Autor dieses Beitrags

Hanspeter Stüven

Haupttext

In unserem grossen Dorf gab es 1944 noch eine Volksschule. In unserer Klasse hatten sich fünf Kameraden zu einer Freundesgruppe zusammengefunden: Vier Jungs und ein Mädchen Sie hiess Katharina, Rina, wie wir sie liebevoll nannten, spielte nicht mit Puppen, hasste Kleider und rosa Schleifen imm Haar. Rina war das einzige Kind und die Tochter des größten Bauern im Dorf und der weiteren Umgebung. Dieser Bauer, war ein übler Volksgenosse:  großspurig, immer schlechter Laune, anmassend mit lautem Organ und ekelig im Umgang mit so gut wie allen Menschen, überaus geizig, aber gierig. Er war im Gemeinderat vertreten, hatte einen führenden Posten im Bauernverband, Parteimitglied sowieso.

Seine Tochter mochte er nicht, wir sie aber um so mehr, weshalb sie unsere Anführerin war.

Das Dorf nannte uns die „Hungerbande“, weil wir ständig Kompensationsgeschäfte tätigten. Wir tauschten Fahrraddynamos gegen Mettwurst. Brauchte jemand eine Fahrradkette, musste er in Naturalien bezahlen.

Viele Dinge konnten wir Fünf bei dubiosen Organisationstouren besorgen, nur keine Fressalien, wie wirf die raren Lebensmittel nannten.

Plötzlich, hiess es, gab es kein Salz mehr, doch die Hungerbande wusste eine Lösung: In der Küche des Marinelazaretts hatten sie genug Salz und bald darauf waren 20kg unser.

Auf dem Hof hatten wir, dank Rina, stets freien Zutritt. Zu den dort arbeitenden russischen Kriegsgefangenen hatten wir ein Bombenverhältnis. Wenn Ivan und Kasche melkten, zweigten sie uns drei Liter frische, fette, warme Milch ab, weil wir ihnen Heu und Stroh vom Boden holten oder Rüben schnetzelten oder die Schweine fütterten.
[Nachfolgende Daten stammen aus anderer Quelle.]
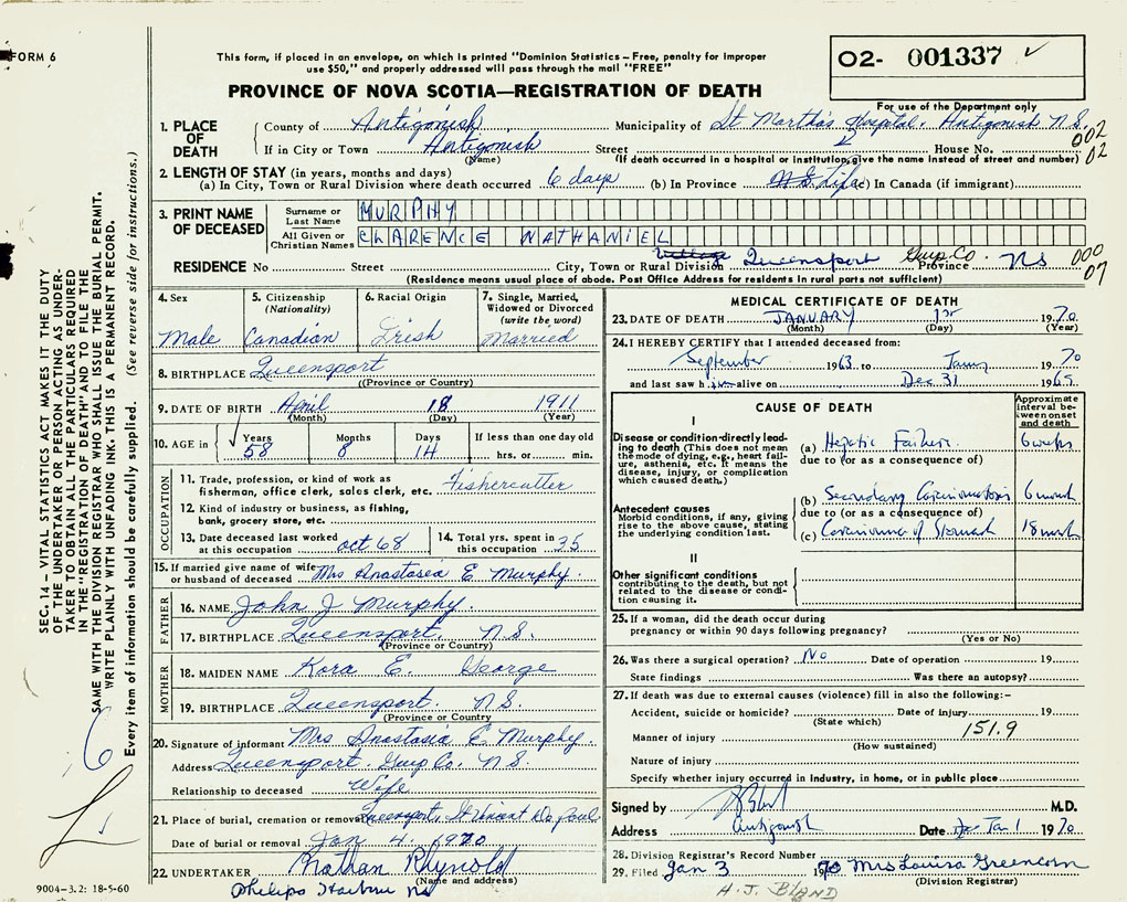 PROVINCE OF NOVA SCOTIA — REGISTRATION OF DEATH

Manchmal steckten sie uns ein „Stickchen Wurscht“ zu, wie sie die Mettwurst nannten und so werden die beiden unsere Freunde.
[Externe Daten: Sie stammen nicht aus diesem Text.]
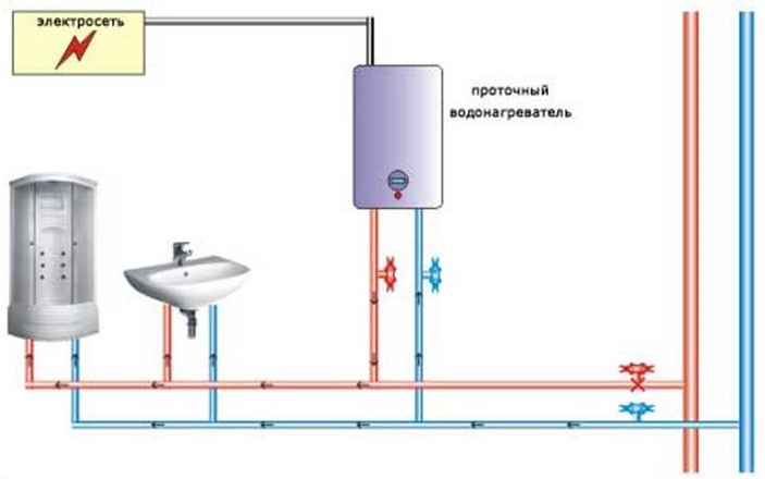 Il est clair qu'avant d'insérer des tuyaux, l'eau chaude et froide entrant dans l'appartement doit être fermée.Une vanne d'arrêt doit être installée entre la colonne d'eau froide et le réchauffeur afin que, si nécessaire, l'eau entrant dans l'appareil puisse être fermée. Toutes les connexions sont soigneusement scellées.

Kurz vor Weihnachten verrieten sie uns, dass der Bauer vier Schweine schlachten wolle. Am nächsten Tag drückten wir fünf uns an einem Seitenfenster, mit freiem Blick auf die Diele, platt.

Oh Mann, oh Mann, was waren das für riesige leckere Fleischberge, mit denen der mHerr Hausschlachter auf dem riesigen Tisch hantierte!

Und wir flüsterten uns zu: „Einmal ein solch grosses goldgelbes Kotelett oder ein knuspriges Stück Bauchfleisch auf dem teller haben? Was wäre das für ein Weihnachten!“

Urplötzlich stand der Bauer hinter uns, hielt uns Achtjährige fest, brüllte so etwas von Strafe von wegen verbotenem Belauschen und Bespitzeln und „Ihr kommt alle sofort ins heim für Schwer erziehbare“.

Während er schrie und fluchte, entdeckte er seine Tochter. Es riss Rina von uns weg, packte sie am Arm und die beiden verschwanden wortlos im Haus.

Gleich darauf kam Rina Mutter zu uns, erklärte uns ihre „Berchtigung“ zum Schlachten und dass das Fleisch fast alles oder hauptsächlich an das Marinelazarett gespendet würde und sie entschuldige sich für ihren Mann.

Als wir ihr schworen, nichts vom Schwarzschlachten zu verraten, gab sie uns eine alte Tomatenkiste mit Leber-, Blut- und Gruetzwurst. Es war Presskopf dabei, 2 Sorten Speck, 3 geräucherte Schinkenstücke, mehrere Stücke frisches Bauchfleisch und die freien Stellen aufgefüllt mit braunen Eiern. Welch ein Weihnachtsfest 1944!!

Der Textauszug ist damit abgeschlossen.